WHAT THE TASK ASKS :: Please reproduce the lines from the one containing "Figure 3: Example" through the end of the data below exactly as they stand, and omit all pictures.

(Records from a data collection)
↓↓↓
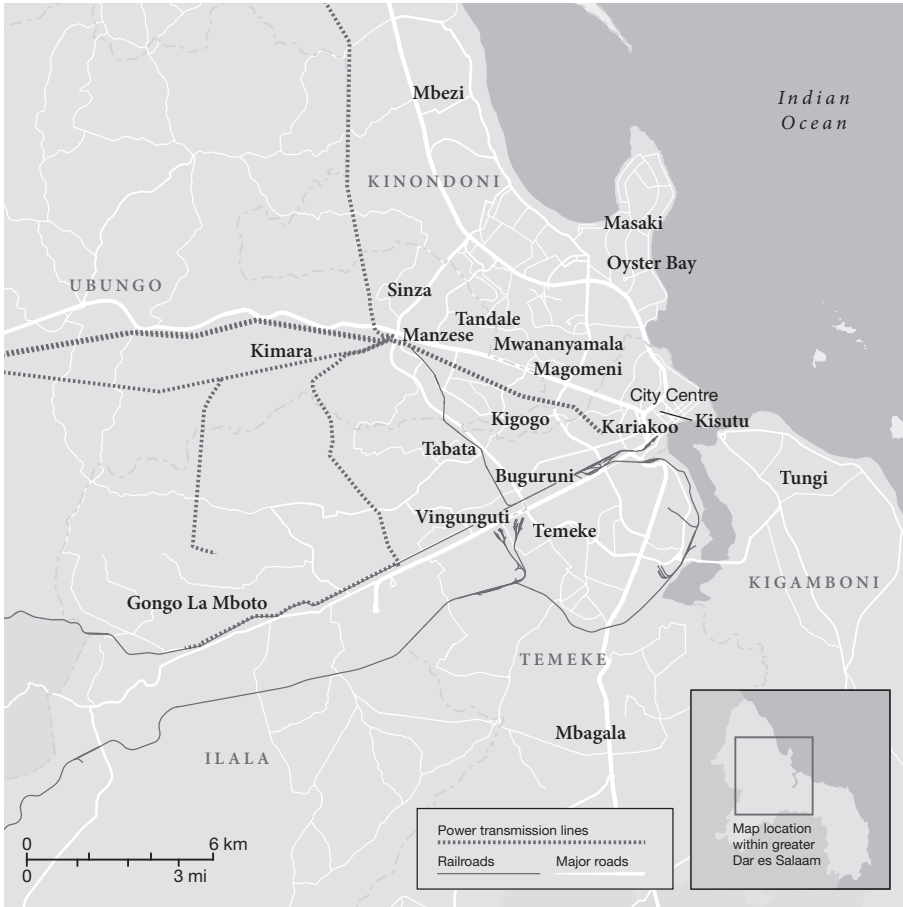
MAP I.1 Map of Dar es Salaam.

For Simon and his colleagues, dressed in collared shirts and dusty business shoes, the kijiwe offered a line of sight onto customers entering and exiting the building over the course of the day. Some looked beleaguered, perhaps angry about bills or broken equipment. Others clutched telltale oversized green folders holding applications for new “service lines” that would connect them to the grid. Should they cross the street, among Simon and his colleagues, they would find a pool of “drawers” ( vichoraji ) who, for a modest price, would provide properly formatted diagrams of their household wiring, endorsed by the stamp of a licensed contractor’s seal. More conspiratorially, they might find electricians willing to repair or otherwise modify their existing service lines. Occasionally, a Tanesco employee would walk over to confer with a
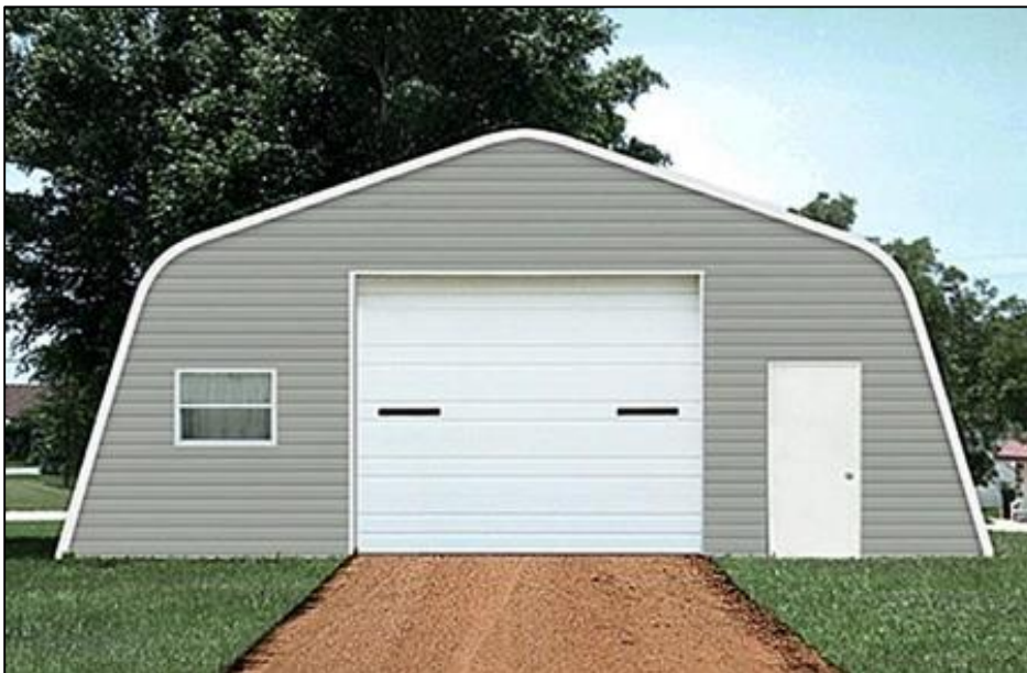
Figure 3: Example of the type of front façade the owner wishes to add to the metal structure (image provided by the owner).
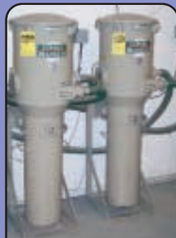
(2 OF 4) BLOWERS FOR CENTRAL LOADING SYSTEM

(2) Like New CONAIR FRANKLIN Systems, each consisting of Compu-Dry CD-600 desiccant dryers, (6–10) 400-lb. hopper loaders, w/electronic load cells, (2) vacuum filters, surge hopper, steel rack mounts, digital PLC controls, w/related pumps and blowers.
↑↑↑
WRITTEN RESPONSE ::
Figure 3: Example of the type of front façade the owner wishes to add to the metal structure (image provided by the owner).
(2 OF 4) BLOWERS FOR CENTRAL LOADING SYSTEM

(2) Like New CONAIR FRANKLIN Systems, each consisting of Compu-Dry CD-600 desiccant dryers, (6–10) 400-lb. hopper loaders, w/electronic load cells, (2) vacuum filters, surge hopper, steel rack mounts, digital PLC controls, w/related pumps and blowers.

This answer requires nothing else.